Now the phrase I have highlighted and underlined will be troubling to some Christians. The Bible is clear that while all people are created by God not all are His children. We become children of God by being united to God through faith in Jesus Christ (see John 1:12; Romans 9:8; Philippians 2:15; 1 John 3:1). So Romney’s statement is wrong according to this biblical definition of the phrase “children of God.” Further troubling is his use of the word “same.” It is indeed true that we are all created by the same God, for there is only one God. But to say that we are all children of the same God serves to flatten out and render as unimportant our religious distinctives, as if the same God is being worship by Muslims, Christians, Hindus and Mormons. This is demonstrably false because if this were the case God would be presenting Himself in deeply contradictory ways to different peoples of the world. There is no unifying center to world religions that points to one God behind them all. Further, in the view of most major religions, eternal issues are at stake in the key distinctives between them.

Does this mean Christians should never align themselves with those of other faiths to find practical solutions to societal problems? No, certainly I think there is a place for strategic alignment, but where this becomes problematic is when my cooperation with others forces me to devalue, diminish, or deny my own faith distinctives.

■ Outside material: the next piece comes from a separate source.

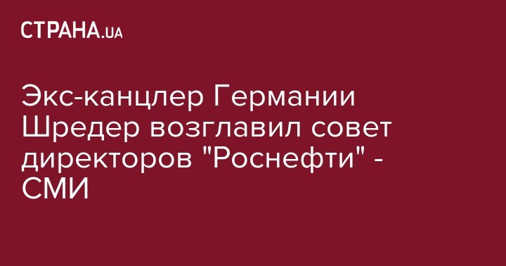 Экс-канцлер Германии Шредер возглавил совет директоров "Роснефти" - СМИ

I would have preferred Romney to draw the straight line our Founders drew when they spoke of being endowed by our Creator with certain unalienable rights. If he had something like, “My passion probably flows from the fact that I believe in God. And because I believe God made us, I believe human life has great value and that we should do all we can to help people, from the youngest to the oldest, 100 percent of our people.”  This kind of a statement affirms belief in God without flattening that belief so that faith distinctives are made to seem unimportant.

There is a kind of general appeal that can be made to God’s existence which can motivate the actions of people from a variety of faiths but it is not found in the idea that humans are all one big family but that humans are all created by God. It’s is God’s authority rather than our common humanity that is the decisive factor. This points to the difference between God-given self-evident rights and self-created rights that come by the consent of society. If we are to speak of God in general terms at all, it is better in my judgment to speak in this way rather than in ways that serve to water down religious distinctives that many people hold dear and which in fact are eternally significant.